DAC vs No-DAC CJC-1295: Understanding the Albumin Binding Difference
Few topics in the peptide research community generate as much confusion as the distinction between CJC-1295 with DAC and CJC-1295 without DAC (often called Modified GRF 1-29). Despite sharing a name, these two peptides behave very differently in the body — differing in half-life, dosing frequency, GH release patterns, and practical research applications. The key to understanding this difference lies in a small molecular addition called the Drug Affinity Complex (DAC).
What Is CJC-1295?
CJC-1295 is a synthetic analog of growth hormone-releasing hormone (GHRH), the endogenous hypothalamic peptide that stimulates somatotroph cells in the anterior pituitary to produce and secrete growth hormone (GH). Native GHRH(1-44) is rapidly degraded in plasma by the enzyme dipeptidyl peptidase-IV (DPP-IV), giving it a biological half-life of less than 7 minutes.

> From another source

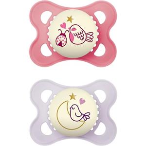 MAM Original Night Ciuccio Luminoso in Set da 2, Caucciù Naturale con Custodia, 2-6 Mesi, Rosa

To overcome this limitation, researchers at ConjuChem Biotechnologies developed a modified 29-amino-acid GHRH analog with four amino acid substitutions (at positions 2, 8, 15, and 27) that confer resistance to DPP-IV cleavage. This base peptide — known as Modified GRF (1-29) or tetrasubstituted GRF(1-29) — was first described in early structure-activity studies and extends the functional half-life to roughly 30 minutes (Iovino et al., 2012).
The critical innovation came when ConjuChem added a Drug Affinity Complex — a reactive lysine-linked maleimidopropionic acid moiety — to the C-terminus of this modified peptide. This DAC group forms a covalent bond with serum albumin after subcutaneous injection, creating a long-circulating bioconjugate. The result was CJC-1295 with DAC, a peptide with a dramatically extended half-life.
The Drug Affinity Complex: How Albumin Binding Changes Everything
The DAC technology exploits the long circulatory half-life of human serum albumin, which persists in plasma for approximately 19 days. When CJC-1295-DAC is injected, the maleimide group reacts with a free thiol (Cysteine-34) on circulating albumin within minutes, forming a stable thioether bond (Bhatt et al., 2014).
This albumin conjugation achieves several things simultaneously:
The landmark pharmacokinetic study by Teichman et al., 2006 demonstrated that a single subcutaneous injection of CJC-1295 with DAC produced dose-dependent increases in GH and IGF-1 that persisted for 6–14 days. Mean IGF-1 levels increased by 1.5 to 3-fold over baseline after repeated doses, with no significant desensitization observed over the study period. The estimated half-life of the albumin-bound conjugate was approximately 5.8–8.1 days.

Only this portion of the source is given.